● **Task goal**: In the records below, find the line holding "Includes standard size" and the line holding "Blue short sleeve". Set down both, with every line between them, exactly.

BEGIN Given records

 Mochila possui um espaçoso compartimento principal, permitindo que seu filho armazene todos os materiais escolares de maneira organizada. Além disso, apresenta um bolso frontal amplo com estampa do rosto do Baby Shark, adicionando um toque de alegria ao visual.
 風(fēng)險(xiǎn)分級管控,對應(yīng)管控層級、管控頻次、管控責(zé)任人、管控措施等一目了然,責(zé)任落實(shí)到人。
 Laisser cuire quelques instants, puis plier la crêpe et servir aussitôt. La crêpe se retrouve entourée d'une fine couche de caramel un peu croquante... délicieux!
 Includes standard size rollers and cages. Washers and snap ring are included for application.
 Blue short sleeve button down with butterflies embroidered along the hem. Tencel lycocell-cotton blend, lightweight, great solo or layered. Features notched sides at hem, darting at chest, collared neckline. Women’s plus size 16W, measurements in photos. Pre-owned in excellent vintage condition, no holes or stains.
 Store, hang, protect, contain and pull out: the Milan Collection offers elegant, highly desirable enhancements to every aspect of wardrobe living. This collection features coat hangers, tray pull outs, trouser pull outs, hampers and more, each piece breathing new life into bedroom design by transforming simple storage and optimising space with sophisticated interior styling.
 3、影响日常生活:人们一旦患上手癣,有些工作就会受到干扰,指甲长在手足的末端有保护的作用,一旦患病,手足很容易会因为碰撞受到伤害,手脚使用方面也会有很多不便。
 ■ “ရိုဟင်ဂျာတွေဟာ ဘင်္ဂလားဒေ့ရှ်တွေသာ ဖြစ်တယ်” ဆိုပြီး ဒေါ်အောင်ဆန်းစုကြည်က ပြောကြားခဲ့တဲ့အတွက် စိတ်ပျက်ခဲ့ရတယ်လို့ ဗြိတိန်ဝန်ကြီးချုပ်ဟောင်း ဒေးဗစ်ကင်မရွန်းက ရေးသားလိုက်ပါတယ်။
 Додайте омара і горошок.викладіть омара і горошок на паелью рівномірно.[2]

END Given records

● **Written solution**:
 Includes standard size rollers and cages. Washers and snap ring are included for application.
 Blue short sleeve button down with butterflies embroidered along the hem. Tencel lycocell-cotton blend, lightweight, great solo or layered. Features notched sides at hem, darting at chest, collared neckline. Women’s plus size 16W, measurements in photos. Pre-owned in excellent vintage condition, no holes or stains.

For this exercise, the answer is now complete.